El escritor y periodista Marcos Daniel Aguilar celebra la vitalidad del Premio Nobel y pone como ejemplo de su energía el ensayo La civilización del espectáculo y la labor como intelectual del autor peruano, que “tiene la lógica y sentido común que en algún momento tuvo el impulso que a principios del siglo XX propuso el uruguayo José Enrique Rodó”
Por Marcos Daniel Aguilar
Ciudad de México, 6 de febrero (SinEmbargo).-Mario Vargas Llosa es, quizá, uno de los escritores más joviales que tiene la literatura en lengua española actual.
Este hombre, que en 2016 cumplirá 80 años de edad, posee mucho más energía vital que cualquier escritor de 20 ó 40 años, pues en sus letras pueden percibirse todos los impulsos de una humanidad completa.

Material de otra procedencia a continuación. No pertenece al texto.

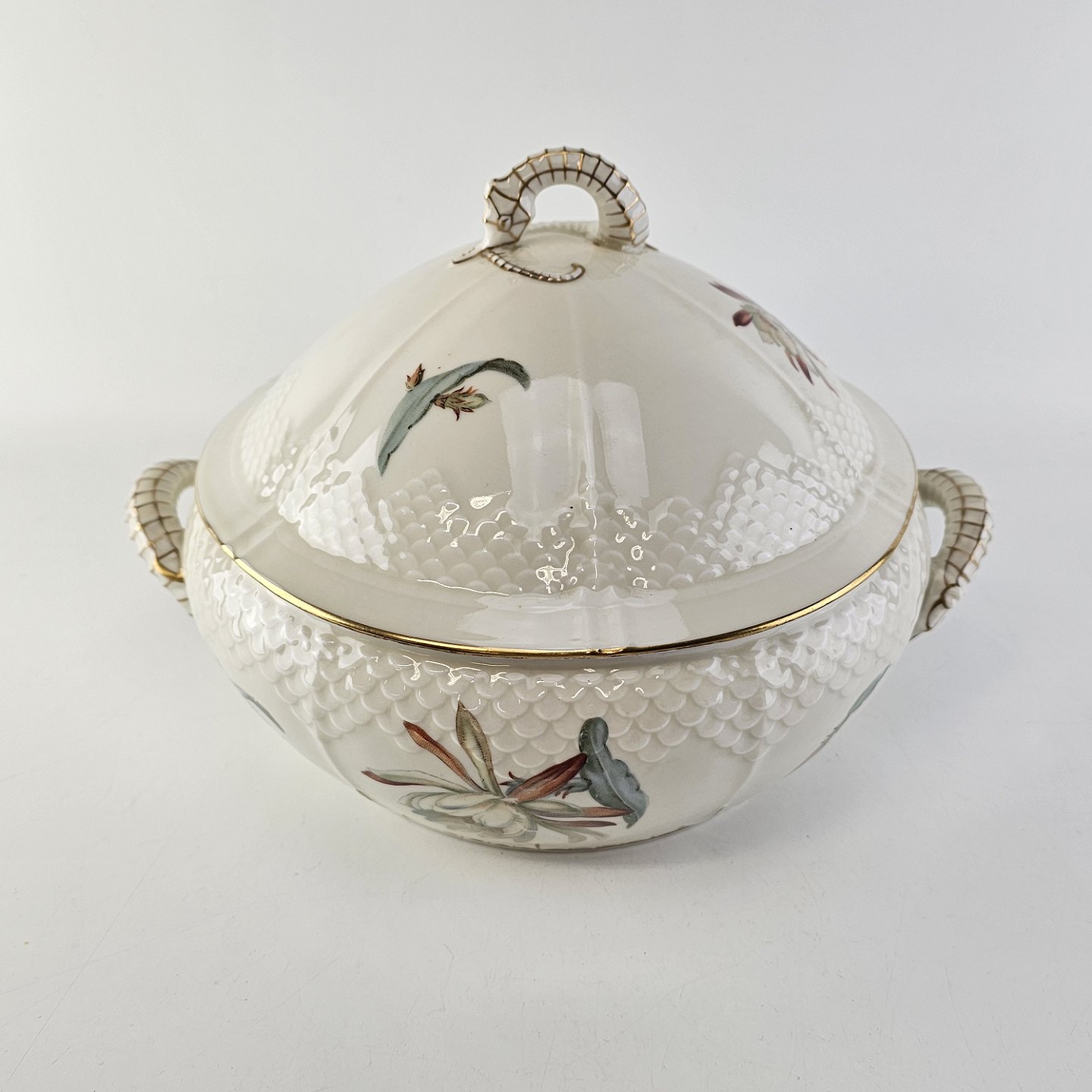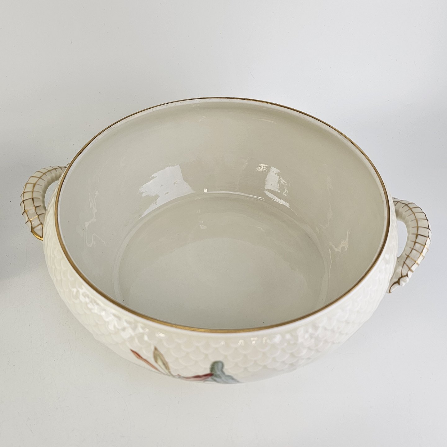 Kaktus er cremefarvet porcelæn i skælform, dekoreret med kaktusblomster og guldkant
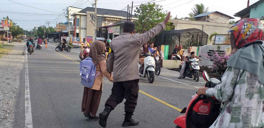Aceh Barat Daya – Personil Polsek Manggeng Polres Aceh Barat Daya melaksanakan kegiatan rutin Strong Point di Depan Sekolah MIN, MTsN dan MAN Manggeng, Kecamatan Manggeng, Kabupaten Aceh Barat Daya. Jum’at (09/08/2024)

Una prueba de ello se encuentra en su ensayo La civilización del espectáculo (2012), ejercicio en donde el peruano decantó todas sus obsesiones intelectuales sobre la cultura occidental, tema que ha sido utilizado en América Latina como vehículo de expresión política, teórica, estética y moral.
Por dicha capacidad e interés de entender su mundo, por esta preocupación de poner todo de sí, idea y sentimiento, Vargas Llosa ofreció con este libro un ejemplo vital y de entusiasmo que no ha podido dar la arrogancia juvenil de muchos escritores latinoamericanos hasta el momento.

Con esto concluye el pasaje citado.